Use the @pytest.mark.budget marker for inline budget constraints:

python
import pytest

@pytest.mark.budget(max_usd=0.50, max_tokens=10_000, max_llm_calls=5)
def test_agent_budget(cassette):
    agent.run("Analyze this document")

pytest Plugin

The built-in pytest plugin provides the cassette fixture plus --record and --record-mode flags.

cassette fixture

Any test that takes a cassette parameter automatically gets record/replay behavior.

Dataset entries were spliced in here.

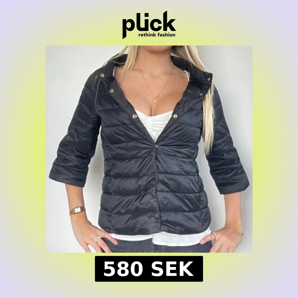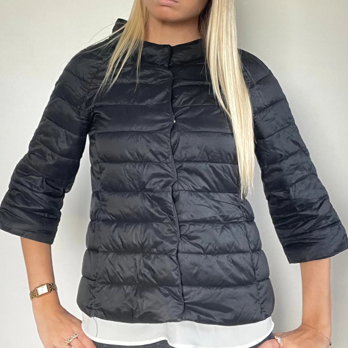 FÖLJ FÖR LIKNANDE🩷 svart trekvartsärmad herno liknande jacka i äkta dun som är mycket lik originalet! Perfekt i höst och vinter då den är varm! Storlek XS i perfekt skick. Fina guld detaljer! Tryck köp nu! TK-0065
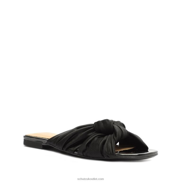The Indy Flat Sandal features a front vamp bow curated from spandex straps, providing you with comfort and style all at once.
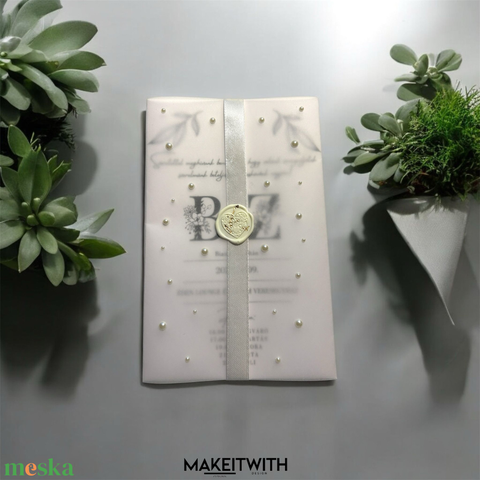Ez a kifinomult és elegáns esküvői meghívó tökéletes választás azok számára, akik egy exkluzív és romantikus meghívót szeretnének különleges napjukra.
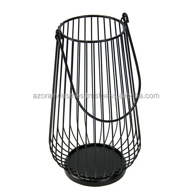Metal Wire Cage Pillar Candle Holder Scented Candle Stand Black Powder Coated Iron Wire Pillar Holder for Holiday
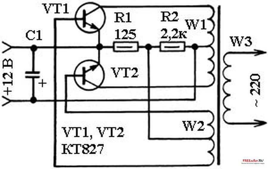 Он представляет собой двухтактный генератор (мультивибратор) с трансформаторной связью. Собран он на двух транзисторах, включенных по схеме с общим эмиттером и трансформатором. Напряжение, снимаемое с делителя напряжения R1 и R2, задает смещение на базах обоих транзисторов.
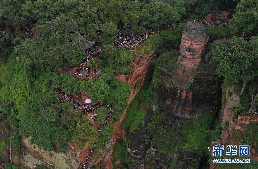 10月4日,游客在樂(lè)山大佛前排隊(duì)一睹大佛真容(無(wú)人機(jī)拍攝)?!⌒氯A社記者 江宏景 攝
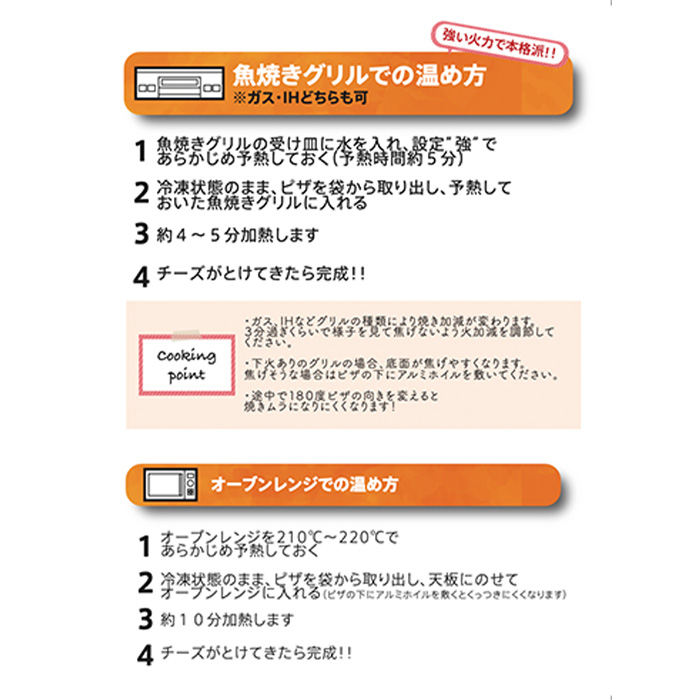 冷凍のままオーブントースターや魚焼きグリルで焼くだけで本格的なピザが楽しめます。
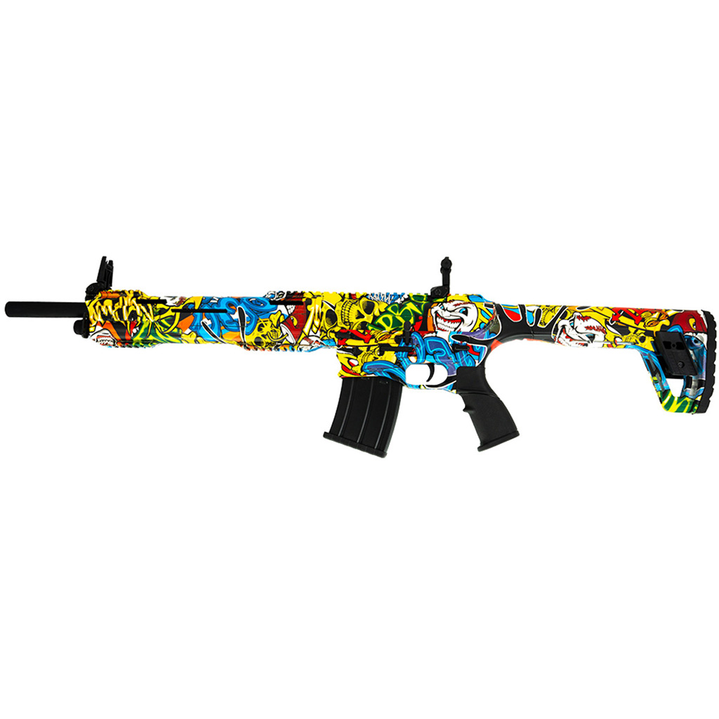 The Tokarev TAR 12 SB shotgun blends AR-style ergonomics with shotgun power, featuring an 18.5″” barrel within a 12-gauge platform. The shotgun has a hydro-dipped “”Sticker Bomb”” finish, 5-round magazine capacity, and polymer flip-up sights. It is compatible with Benelli/Mobil choke tubes and offers extensive rail space for accessories.
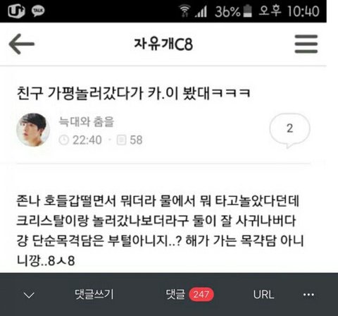 지금 8월 가평에서 수상스포츠하는 카이 크리스탈 목격한 사진이 올라와서 난리남

Cassettes are stored alongside the test file in a cassettes/ subdirectory.

python
def test_agent(cassette):
    result = agent.run("What is the capital of France?")
    assert "Paris" in result

CLI flags

bash
pytest --record            # Record all cassettes
pytest                     # Replay from cassettes (zero API calls)
pytest --record-mode=all   # Re-record everything
pytest --record-mode=new   # Record only missing cassettes

RAG Recording & Scoring

Record retrieval queries, chunks, and vector store events alongside LLM calls. Assert on chunk count, relevance scores, and retrieval drift between versions.

ℹ Available since v0.5

Install optional scoring deps: pip install traceops[rag]

Recording retrieval events

python
from trace_ops import Recorder
from trace_ops.rag import assert_chunk_count, assert_min_relevance_score

with Recorder(save_to="cassettes/rag_test.yaml") as rec:
    answer = rag_pipeline.run("What is the refund policy?")

assert_chunk_count(rec.trace, min_chunks=3)
assert_min_relevance_score(rec.trace, min_score=0.75)

Retrieval drift detection

python
from trace_ops.rag import assert_no_retrieval_drift
from trace_ops import load_cassette

baseline = load_cassette("cassettes/rag_baseline.yaml")
with Recorder() as rec:
    rag_pipeline.run("What is the refund policy?")
assert_no_retrieval_drift(baseline, rec.trace, tolerance=0.1)

Scoring integrations

python
from trace_ops.rag import RagasScorer

scores = RagasScorer().score(rec.trace)
# {"faithfulness": 0.92, "answer_relevancy": 0.88, "context_precision": 0.85}

MCP Tool Recording

Record Model Context Protocol server connections, tool calls, and results as first-class trace events.

ℹ Available since v0.5

MCP recording is enabled by default when the MCP SDK is installed.

Recording MCP calls

python
with Recorder(intercept_mcp=True) as rec:
    result = await mcp_client.call_tool(
        "search_files", {"query": "config.py"}
    )

print(rec.trace.mcp_events)
# [MCPEvent(tool="search_files", duration_ms=12, result=[...])]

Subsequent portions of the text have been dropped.